将棋の渡辺明棋王への挑戦者を決める第48期棋王戦コナミグループ杯で、挑戦者決定二番勝負第2局の藤井聡太竜王(王位・叡王・王将・棋聖)―佐藤天彦九段の対局が27日、東京・将棋会館で行われ、先手の藤井竜王が81手で勝利し、棋王戦の挑戦権を獲得した。
藤井竜王は棋王戦・決勝トーナメント準決勝で佐藤九段に敗れ、敗者復活戦へ。そこから伊藤匠五段、羽生善治九段を破って、挑戦者決定二番勝負に進出していた。この決定戦は変則二番勝負で、トーナメント優勝者の佐藤九段は1勝のアドバンテージが与えられ、1勝すれば挑戦権獲得、藤井竜王は2連勝が条件だった。
苦しい条件ながら、藤井竜王は19日の第1局で勝利。この日の2局目も優位に立つと、終盤は佐藤九段の攻撃の芽をことごとくつぶすという、藤井竜王としては珍しい〝激辛将棋〟で勝利した。

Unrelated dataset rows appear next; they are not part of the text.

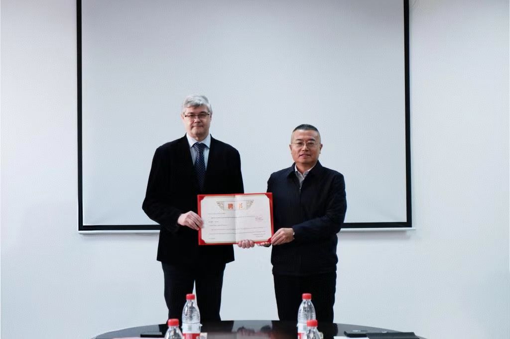 研究生院院长罗跃军为Dmitry Olegovich Zharkov教授颁发“生态学学术学位博士研究生合作导师”聘书。
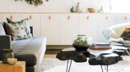 Make any space—even the most modern—feel rustic with decoration from the outdoors. This lush woodland scene includes eucalyptus- and olive-branch garland, birch vases, a string of pine cones, and a wreath of shed dear antlers.
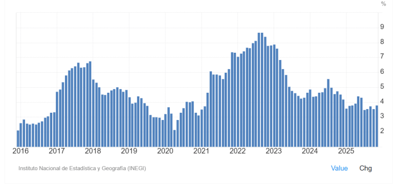 Mexico’s Consumer Price Index is now at 3.8%, which is one percentage point lower than the level it was at in late 2018, when the minimum daily wage was roughly 70% lower than it is today.
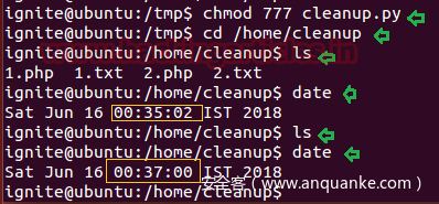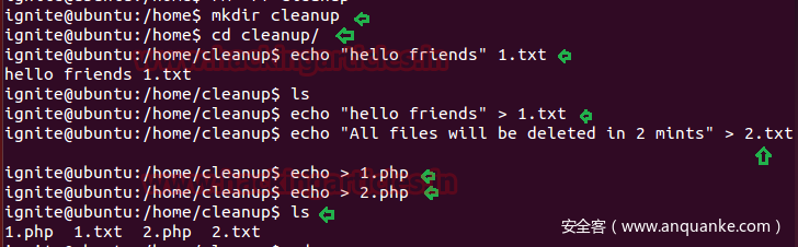 假设“cleanup”就是每2分钟自动删除一次数据的目录。因此,我在/home/cleanup中保存了一些数据。

初の棋王位挑戦、さらに六冠を目指す戦いとなる棋王戦の戦いを振り返り、藤井竜王は「充実感がある。結果が残せてうれしい。(六冠は)意識しないで5番勝負を戦いたい」と語った。
渡辺棋王は21年度に棋王位10連覇を達成。棋王戦では圧倒的な強さを見せている。一方の藤井竜王はタイトル戦に11期登場し、これまで負けなし。果たしてどんな戦いになるのか。棋王戦5番勝負の第1局は来年の2月5日、長野県長野市で行われる。